Fourthly, in the disposal of their surplus produce, or of what is over and above their own consumption, the English colonies have been more favoured, and have been allowed a more extensive market, than those of any other European nation. Every European nation has endeavoured more or less to monopolise to itself the commerce of its colonies, and, upon that account, has prohibited the ships of foreign nations from trading to them, and has prohibited them from importing European goods from any foreign nation. But the manner in which this monopoly has been exercised in different nations has been very different.

Some nations have given up the whole commerce of their colonies to an exclusive company, of whom the colonists were obliged to buy all such European goods as they wanted, and to whom they were obliged to sell the whole of their own surplus produce. It was the interest of the company, therefore, not only to sell the former as dear, and to buy the latter as cheap as possible, but to buy no more of the latter, even at this low price than what they could dispose of for a very high price in Europe. It was their interest, not only to degrade in all cases the value of the surplus produce of the colony, but in many cases to discourage and keep down the natural increase of its quantity.

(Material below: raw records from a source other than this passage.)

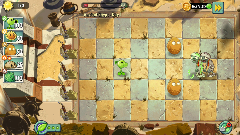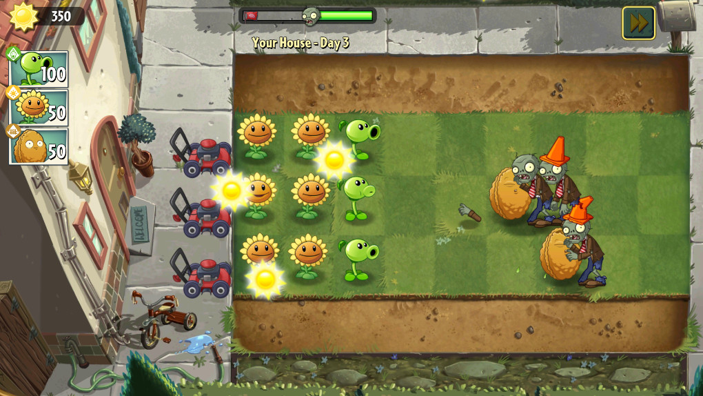 在玩耍时赚取种子包,并用它们为强效植物提供燃料。加强攻击,加倍防御,加快种植时间,甚至获得全新的能力。加强你的植物,确保那些僵尸都消失了!
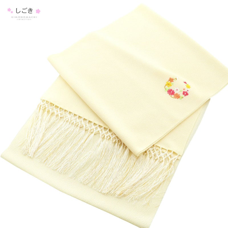 しごき・帯揚げ:明るいアイボリー。ポイントに花の丸の刺繍。
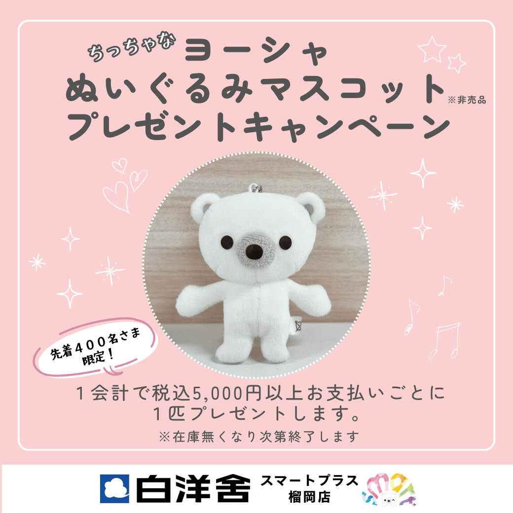 \先着400名様限定/1会計税込5000円以上お支払いのお客さまにヨーシャぬいぐるみマスコットをプレゼント♪皆様のご利用をお待ちしております。※プレゼントの在庫が無くなり次第配布終了いたします。
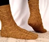 Step back and trace the lines. Whether it is a tall building, suspension bridge, mosaic tile, or even stained glass. These are the lines that inspired the Pastiche socks. This pair of cuff down socks have an all over cable that leads to a decorative heel. This pattern is so enjoyable and engaging that you won’t have second sock syndrome.
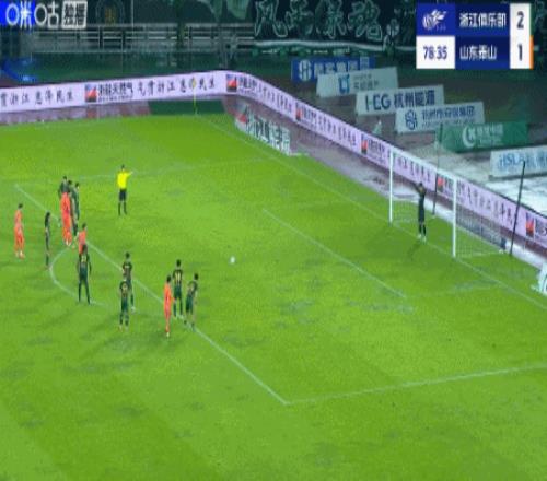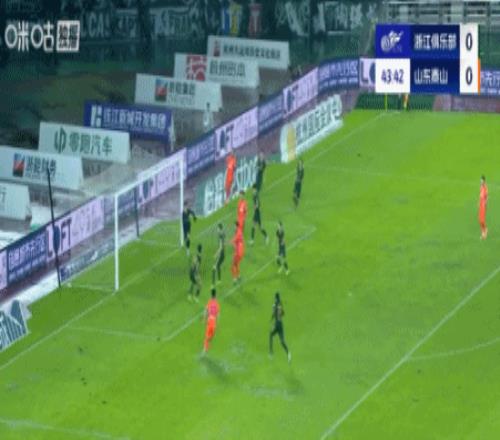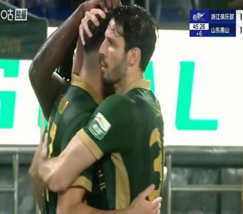 第45分钟,黄政宇禁区外轰出一记世界波,打在程进身上折射入网,泰山客场1-0!
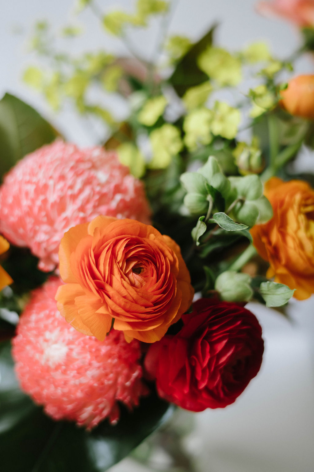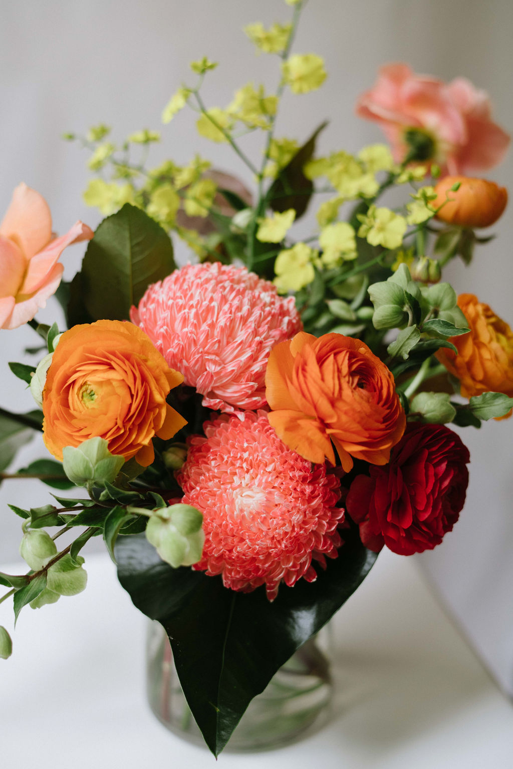 A selection of seasonal flowers and foliage stylishly arranged in a bright palette.
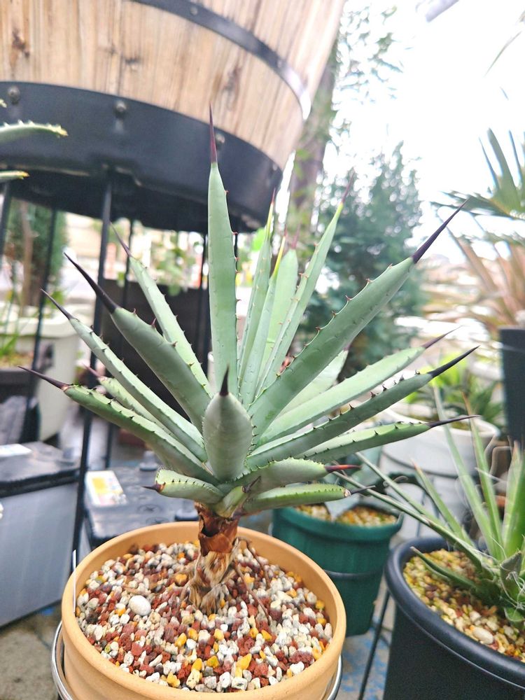 太いランナーを幹上がり風に植えたアガベらしからぬ姿と⚫棘が素敵な子😍
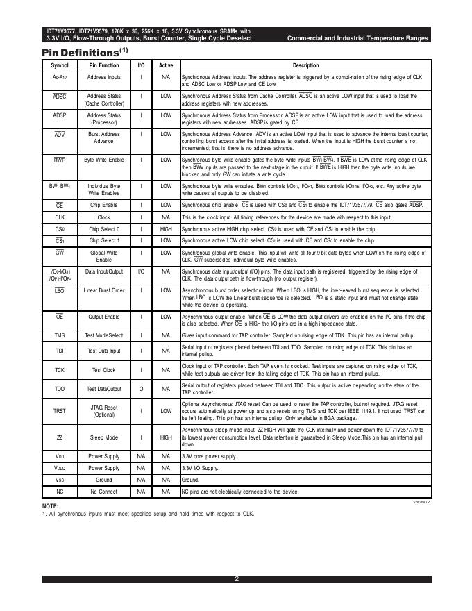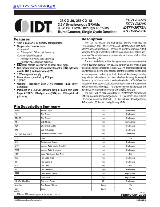 IDT IDT71V3577S/IDT71V3579S/IDT71V3577SA/IDT71V3579SA 数据手册.pdf
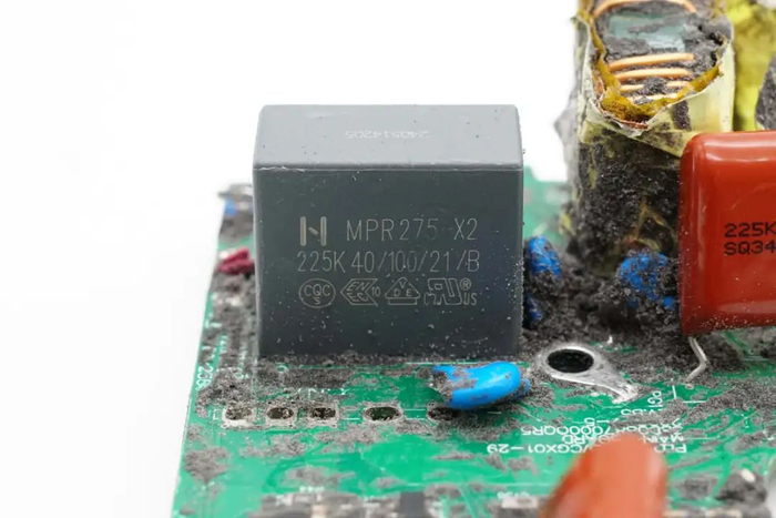 蓝色Y电容来自松田电子,容量为4700pF。
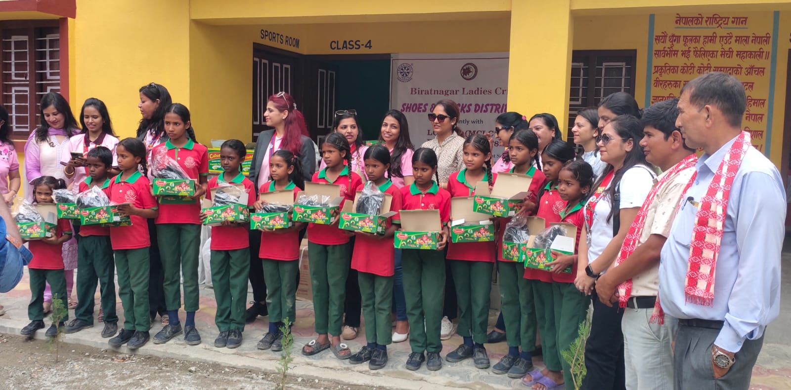 विराटनगर / सामाजिक उत्तरदायित्व अन्तर्गत बिराटनगर लेडिज सर्कल ५ (BRTLC 5) ले बिराटनगर माहानगर पालिका वडा न. ५ को श्री सिद्धकाली आधारभूत”विद्यालयका जीर्ण २ वटा कक्षा कोठाहरू पुनःनिर्माण गरी आज औपचारिक रूपमा हस्तान्तरण गरेको छ। साथै विद्यार्थीहरूलाई जुत्ता र पौष्टिक खाजाको वितरणसमेत गरिएको उक्त कार्यक्रम MEGA PROJECT अन्तर्गत साउन १ गते (१७ जुलाई २०२५) विद्यालय परिसरमै सम्पन्न भएको हो।
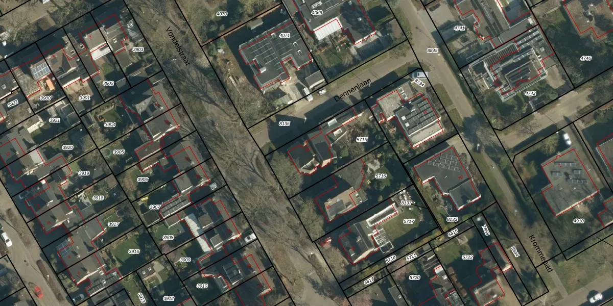Het perceel waarop Dennenlaan 2-B staat heeft een oppervlakte van 601 m². Dit is een groot perceel. De perceeloppervlakte wordt geregistreerd door het Kadaster. Gedetailleerde informatie over de maten van dit perceel kunt u vinden in het rapport Kadastrale kaart met maatvoering van Dennenlaan 2-B.
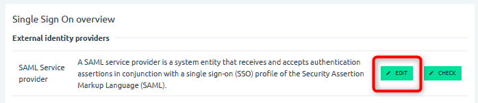 Configuration is done by clicking on EDIT at SAML Service provider and requires to enter information available to Entra ID admins.
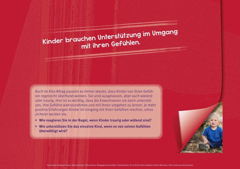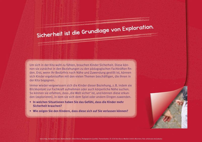 Was macht eigentlich eine gute Kita aus? Die Autor_innen zeigen in diesem Themenkartenset für Teamarbeit, Supervision und Fortbildung, dass Qualität aus dem Zusammenspiel von organisatorischen Rahmenbedingungen, fachlichen Kompetenzen, der Haltung der pädagogischen Fachkräfte und ihrer Interaktion mit den Kindern resultiert. Das Set enthält 30 kraftvolle Bildimpulse, anregende Leitfragen und Statements zu den Themen: wertschätzende Fachkraft-Kind-Interaktion, Lebensweltorientierung und Partizipation als Grundlage didaktischen Handelns, lebensweltorientierte didaktische Planung und ihre Umsetzung in pädagogisches Handeln sowie die Kita als lernende Organisation.
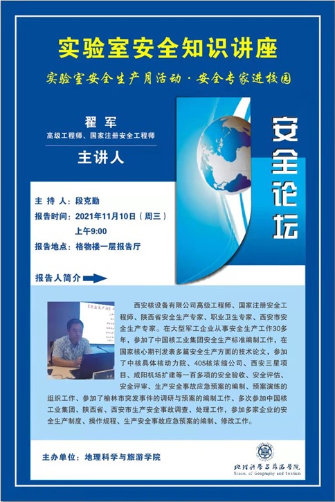 作为2021年实验室安全生产月重要活动内容之一:安全专家进校园,实验中心邀请到了我市安全应急管理专家、国家注册安全工程师翟军老师,针对肉漫画 各类实验室存在的安全隐患进行一次专项讲座,欢迎广大师生前来参会。
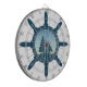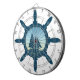 Nautical design with sailing boat and wheel decoration on white background
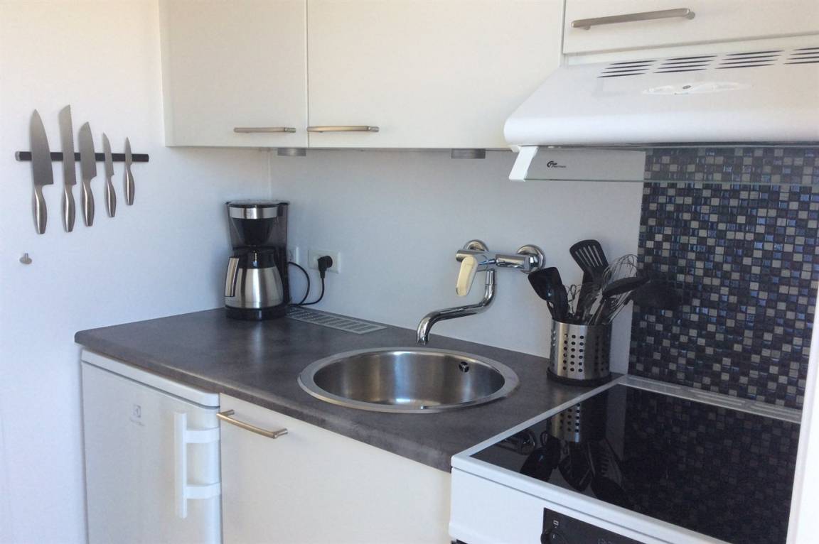 KücheDie Küche ist mit Kühlschrank ausgestattet. Außerdem gibt es 4 Induktions-Kochzonen, Umluftofen.
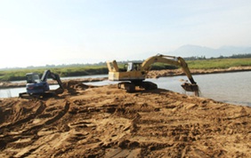 | Huy động máy móc khơi lạch ven sông Ba (Phú Yên) dẫn nước vào các trạm bơm. Ảnh: VGP/Thế Phong |
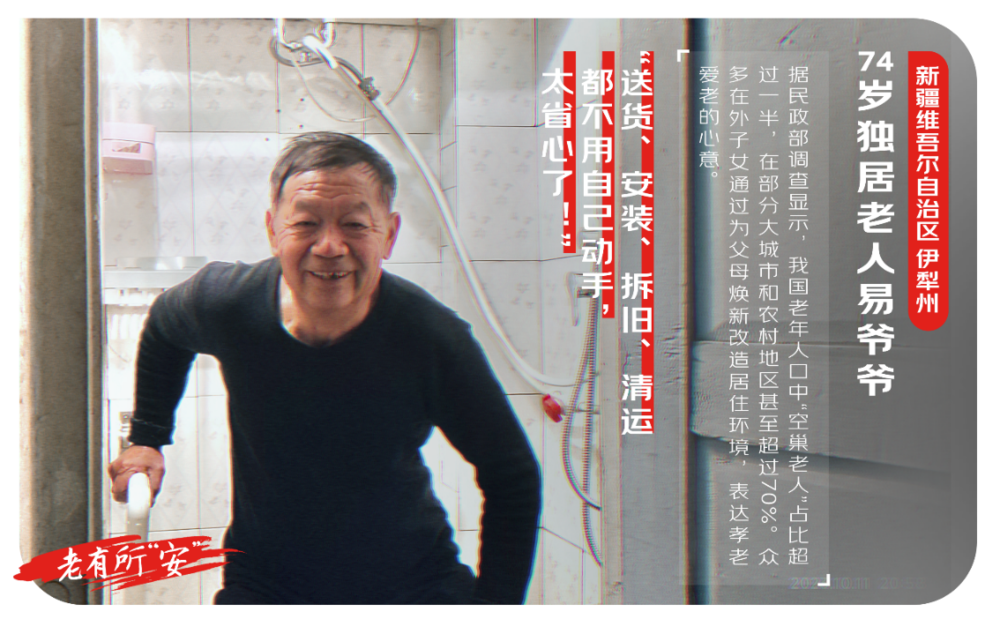“您以后上完厕所搭着扶手慢慢起来,这样可以缓解头晕,避免摔跤。”新疆伊犁州74岁易爷爷的小女儿,从视频通话里看到卫生间新装好的扶手,安心了不少。老人的三个孩子都已成家,逢年过节才能回来。
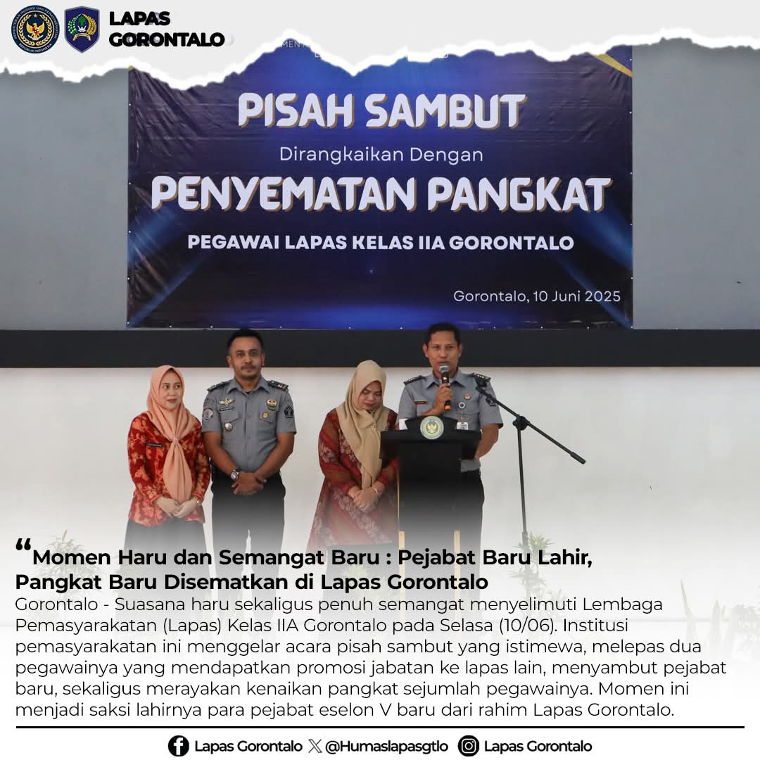 Gorontalo – Info_PAS : Suasana haru sekaligus penuh semangat menyelimuti Lembaga Pemasyarakatan (Lapas) Kelas IIA Gorontalo pada Selasa (10/06). suasana ini menyelimuti acara pisah sambut, pelepasan dua pegawai yang mendapat promosi jabatan ke Lapas lain dan menyambut pejabat baru, sekaligus merayakan kenaikan pangkat sejumlah pegawainya. Momen ini menjadi saksi yang bersejarah bagi Pegawai yang mendapat Promosi Jabatan .

Of all the expedients that can well be contrived to stunt the natural growth of a new colony, that of an exclusive company is undoubtedly the most effectual. This, however, has been the policy of Holland, though their company, in the course of the present century, has given up in many respects the exertion of their exclusive privilege. This, too, was the policy of Denmark till the reign of the late king. It has occasionally been the policy of France, and of late, since 1755, after it had been abandoned by all other nations on account of its absurdity, it has become the policy of Portugal with regard at least to two of the principal provinces of Brazil, Fernambuco and Marannon.

Other nations, without establishing an exclusive company, have confined the whole commerce of their colonies to a particular port of the mother country, from whence no ship was allowed to sail, but either in a fleet and at a particular season, or, if single, in consequence of a particular licence, which in most cases was very well paid for. This policy opened, indeed, the trade of the colonies to all the natives of the mother country, provided they traded from the proper port, at the proper season, and in the proper vessels. But as all the different merchants, who joined their stocks in order to fit out those licensed vessels, would find it for their interest to act in concert, the trade which was carried on in this manner would necessarily be conducted very nearly upon the same principles as that of an exclusive company. The profit of those merchants would be almost equally exorbitant and oppressive. The colonies would be ill supplied, and would be obliged both to buy very dear, and to sell very cheap. This, however, till within these few years, had always been the policy of Spain, and the price of all European goods, accordingly, is said to have been enormous in the Spanish West Indies. At Quito, we are told by Ulloa, a pound of iron sold for about four and sixpence, and a pound of steel for about six and ninepence sterling. But it is chiefly in order to purchase European goods that the colonies part with their own produce. The more, therefore, they pay for the one, the less they really get for the other, and the dearness of the one is the same thing with the cheapness of the other. The policy of Portugal is in this respect the same as the ancient policy of Spain with regard to all its colonies, except Fernambuco and Marannon, and with regard to these it has lately adopted a still worse.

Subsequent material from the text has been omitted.